Dans tous les cas, “la masse salariale est un enjeu central pour atteindre les objectifs des finances publiques”, relève la Cour, pour qui il vaut mieux “préserver des marges de manœuvre salariales pour conserver une fonction publique attractive”.Elle estime notamment que “l’enveloppe des mesures catégorielles de l’État peut difficilement être plus fortement réduite” et que le “reprofilage des carrières en rénovant les grilles est nécessaire, mais son rendement incertain”.
Augmenter la durée “effective” de travail :
“Meilleur ciblage de la Gipa”, “réforme des règles de calcul du minimum de traitement”, “rénovation des rémunérations accessoires et des régimes indemnitaires”… La Cour des comptes ne manque pas d’idées pour trouver des économies et s’interroge aussi sur les données statistiques sur le temps de travail et l’absentéisme, qu’elle juge “rares et peu fiables”.

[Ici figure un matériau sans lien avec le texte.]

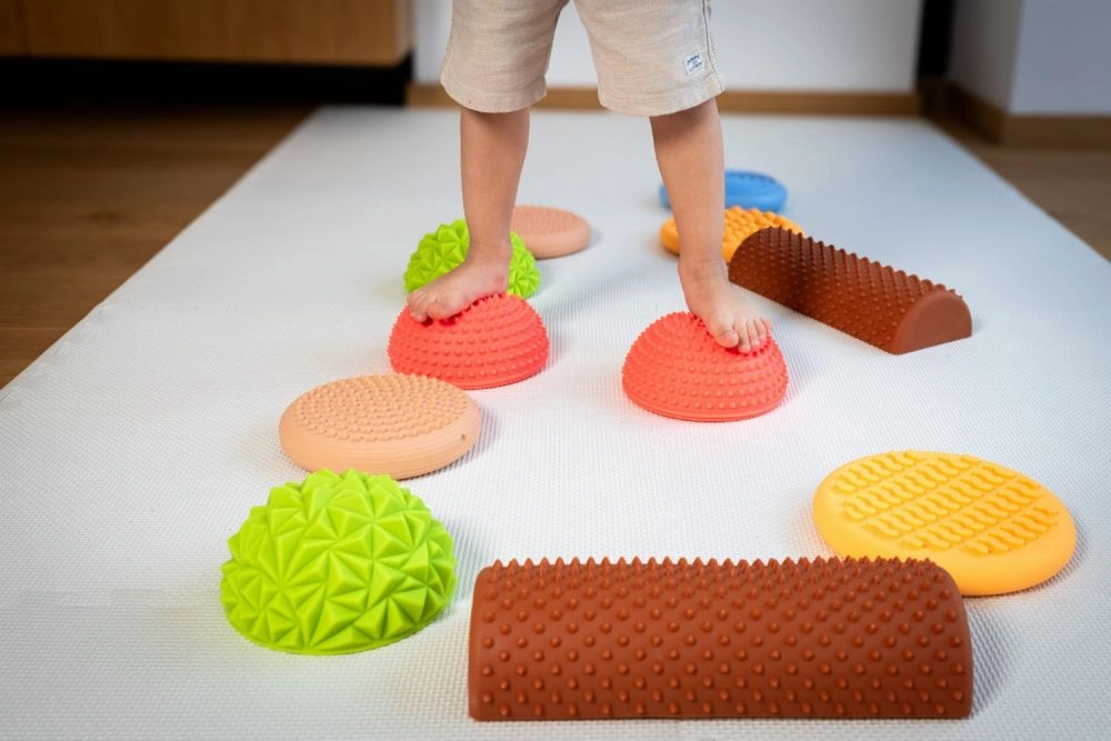 Θόλοι, δίσκοι και ημικύλινδροι με προεξοχές και μοτίβα ενεργοποιούν τους υποδοχείς των πελμάτων, βελτιώνουν την ιδιοδεκτικότητα και υποστηρίζουν τη φυσική κύλιση του ποδιού.

“Le bilan du passage à 35 heures dans les trois fonctions publiques n’a d’ailleurs jamais été établi”, insiste-t-elle. Alors que les sages de la Rue Cambon relèvent que la durée effective de travail des fonctionnaires est “assez souvent inférieure à la durée légale”, ils estiment qu’“une augmentation du temps de travail effectif de 1 % (soit l’équivalent de la suppression de 2 jours de congés) permettrait de dégager une économie pour l’ensemble de la fonction publique de 700 millions d’euros”.
Collectivités et hôpitaux en ligne de mire :
Non seulement la masse salariale des fonctions publiques territoriale et hospitalière a beaucoup augmenté, mais ces administrations “appliquent parfois des règles de gestion moins strictes que l’État”, déplore la Rue Cambon.

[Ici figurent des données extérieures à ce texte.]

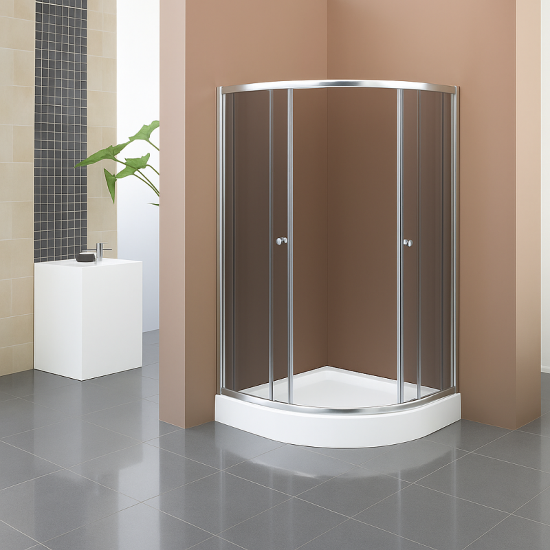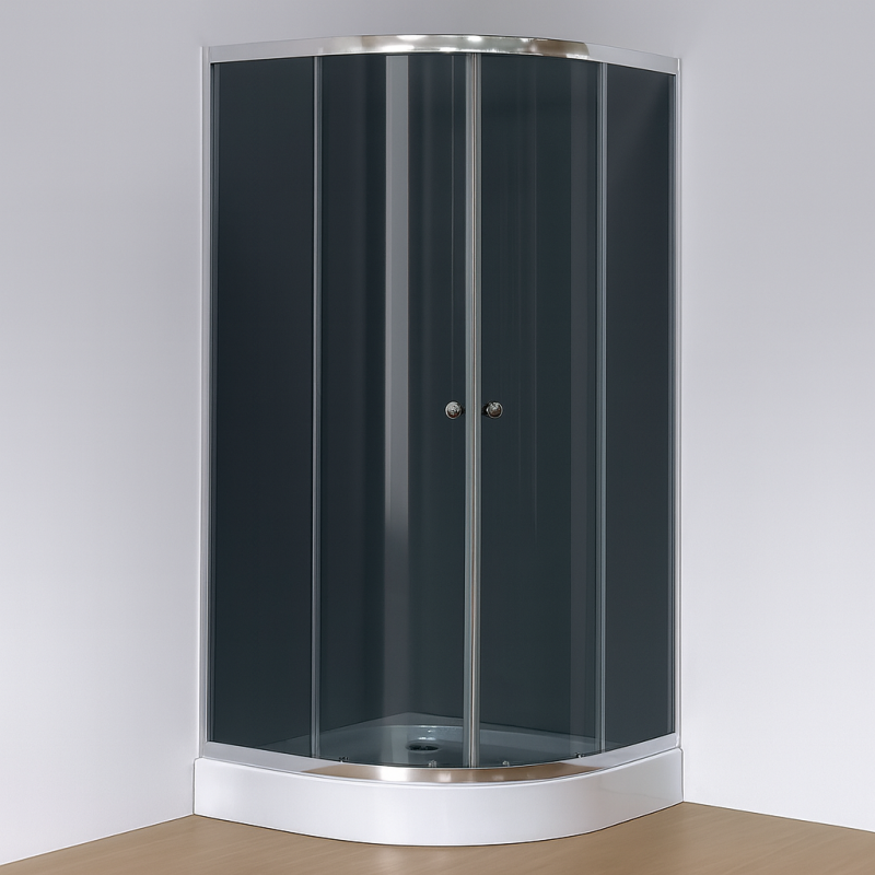 Kabina prysznicowa Breezz TT 120 DARK 90×90 to budżetowy, kompletny zestaw z brodzikiem, idealny do małych i średnich łazienek. Półokrągły kształt pozwala wygodnie ustawić ją w rogu i odzyskać sporo miejsca w strefie kąpielowej. Drzwi przesuwne pracują lekko, nie wymagają wolnej przestrzeni przy otwieraniu i świetnie sprawdzają się w kompaktowych wnętrzach. Chromowane detale podkreślają prosty, czysty design, a przyciemniane szyby z hartowanego szkła dodają nowoczesnego charakteru i są odporne na codzienne użytkowanie. W komplecie znajduje się brodzik, więc cały zestaw jest gotowy do montażu od razu po wyjęciu z pudełka. Produkt jest poekspozycyjny, w pełni sprawny i wolny od wad — dzięki temu można kupić go w bardzo dobrej cenie, bez kompromisu pod względem jakości czy funkcjonalności. To solidna, praktyczna propozycja dla osób szukających dobrego rozwiązania w rozsądnym budżecie.

“La Cour a par exemple constaté que dans de nombreuses collectivités locales, les avancements sont systématiquement accordés à l’ancienneté minimale, sans tenir compte de la manière de servir des agents”, pointe le rapport, qui évoque la possibilité d’un “gel temporaire des avancements”. Une mesure qui “peut s’avérer relativement inégalitaire entre fonctionnaires”, mais qui aurait “un impact budgétaire très important à court terme”. Elle évoque aussi “une plus grande sélectivité des investissements locaux” et une “politique d’achats mieux coordonnée entre intercommunalités et communes membres”.

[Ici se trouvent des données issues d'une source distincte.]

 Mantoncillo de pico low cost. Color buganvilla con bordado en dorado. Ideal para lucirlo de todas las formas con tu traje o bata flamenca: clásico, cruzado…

Quant au secteur médico-social, la Cour des comptes y recense de multiples sources d’économies inexploitées. Le développement de la chirurgie ambulatoire, qui connaît en France “un retard persistant et important”, pourrait ainsi dégager 5 milliards d’euros d’économies. La mutualisation des plateaux médico-techniques, le regroupement des fonctions logistiques ou la dématérialisation des feuilles de soins sont autant de marges de réorganisation qui permettraient de diminuer les dépenses de gestion. Largement de quoi abonder les 50 milliards d’euros d’économies prévus à l’horizon 2017, si l’exécutif a le courage d’appliquer quelques-unes de ces recommandations.
Raphaël Moreaux
N.B : Qui contrôle la Cour des comptes ? En tant qu’institution supérieure de contrôle indépendante la Cour n’est pas soumise à un contrôle externe autre que le contrôle budgétaire du Parlement. Mais en tant qu’organe administratif, elle est soumise au contrôle a priori du ministère des finances.